Plusieurs milliards d’euros échappent ainsi au fisc français, grâce à l’exil, entre autres, de
Johnny Hallyday à Gstaad dans les Alpes bernoises, ou de Charles Aznavour à Genève, sur
les bords du lac Léman. Dans ces très fortunés cantons, le prix du forfait fiscal, calculé sur
la valeur de l’habitation, est devenu inabordable. Mais dans le petit Jura suisse, dans la
province de Porrentruy, appelée l’Ajoie, il est six à huit fois moins cher. C’est donc ici, dans
l’Ajoie, que les derniers exilés fiscaux français se précipitent.

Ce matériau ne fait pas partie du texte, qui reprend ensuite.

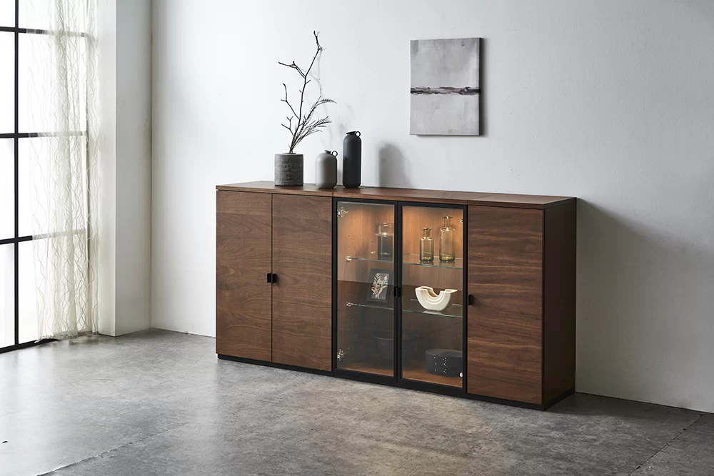 天然木突板の扉とガラスの扉が選べる、ナチュラルモダンチックなキャビネットです。カラーはウォールナットとオークホワイトをご用意しております。高さが183cmと96cm、幅が76cm(両開き)と38cm(片開き)よりお選びいただけます。さらに連結できるよう設計していますので組み合わせも自由です。※同じ高さでの連結になります。ガラス扉の中にはLED照明付きです。

« Les Français adorent, explique l’agent immobillier Chariatte, c’est à deux heures et demi
de TGV de Paris, pas de délinquance, on ne cadenasse pas son vélo et quand on s’engage
sur un passage clouté, les voitures s’arrêtent pour vous laisser passer.
D’ordinaire, les étrangers viennent ici au compte-goutte mais depuis quelques semaines, je
vois arriver des Français, de gauche comme de droite, qui se dépêchent de s’installer en
Suisse avant les élections. Ils se disent notamment que la taxation des exilés fiscaux, promise par Sarkozy, ne sera pas rétroactive : qu’elle ne s’appliquera pas à ceux qui sont déjà
partis. »
C’est le cas de ce couple de Parisiens, qui vient de débarquer à Porrentruy avec ses deux
enfants. Lui est homme d’affaires, il travaille dans l’import export. Il y a un mois, il est
venu pendre une option sur une belle maison villageoise d’un million d’euros. Il saura dans
quelques jours si l’administration fiscale du Jura suisse lui accorde le forfait fiscal.
“Nous pensions depuis plusieurs mois à nous établir en Suisse, mais les déclarations de
Sarkozy et de Hollande ont agi comme un déclic. Cela n’a pas de sens de donner à l’Etat
75% de l’argent que nous avons gagné, cela tourne à l’usure. Et maintenant, si Sarkozy veut
taxer les forfaits fiscaux, il faudrait qu’il vienne nous chercher!”
Avec ces nouveaux exilés fiscaux, la Suisse va de nouveau se trouver à cheval entre ses intérêts et ses bonnes relations avec le voisinage. On sent le malaise quand on appelle le bureau cantonal des impôts, et qu’on demande le chiffre des Français qui ont obtenu le forfait
fiscal dans le canton du Jura.
Ce chiffre, ils le livraient sans grande difficulté les années précédentes. On pouvait vérifier
qu’il y a dix ans, ces exilés français se comptaient sur les doigts d’une seule main. Nous savons, par un fonctionnaire de l’Etat jurassien qui veut conserver l’anonymat, que le petit
canton du Jura, seulement 70 000 habitants, héberge en ce moment plusieurs dizaines de
riches exilés français. Mais au bureau cantonal des impôts, on nous prévient : le chiffre ne
sera pas communiqué. La raison ? Un fonctionnaire l’explique : “Pour ne pas amplifier la
tension avec la France.”
Cette tension est structurelle: Paris combat les évadés fiscaux, la Suisse les reçoit en amis.
Elle a monté d’un cran depuis l’annonce de Sarkozy sur TF1, le 12 mars : s’il reste président, les évadés fiscaux en Suisse devront payer au fisc la somme que le forfait fiscal leur
permet de mettre à gauche. Sinon, ils perdront la nationalité française. La Suisse, inquiète,
s’attend à ce que Paris lui demande le nom des exilés fiscaux français, ce qui pourrait entraîner des débats difficiles.
Pareil en cas de victoire de François Hollande, qui veut étendre l’impôt sur la fortune à nos
compatriotes à l’étranger. La Suisse acceptera-t-elle alors de perdre ses “clients” français,
en négociant avec Paris une convention de double imposition ? De l’avis d’un avocat de la
place financière de Genève, Vincent Solari, ce n’est pas gagné :
« La Suisse va résister. Elle est bien trop désireuse de conserver cette manne financière
[qui chaque année fait tomber 556 millions d'euros dans les caisses de l'Etat, Ndlr] ! Elle
fait la prospérité du pays et contribue au bien-être général. »
L’après présidentielle, donc, pourrait ouvrir une nouvelle période de tension franco-suisse.
En attendant, dans le canton du Jura, c’est encore le bonheur. Pour les agents immobiliers,
surtout. Des Français riches et prévoyants débarquent en trombe ici pour se domicilier et
planquer leur argent avant les élections.
Dans un bistrot de Porrentruy, des buveurs jurassiens trinquent au comptoir à la santé de
ces maisons qui s’achètent vite et bien. Ils lèvent la pinte de bière et portent un toast sur un
ton rigolard: “Merci Nicolas ! Merci François!”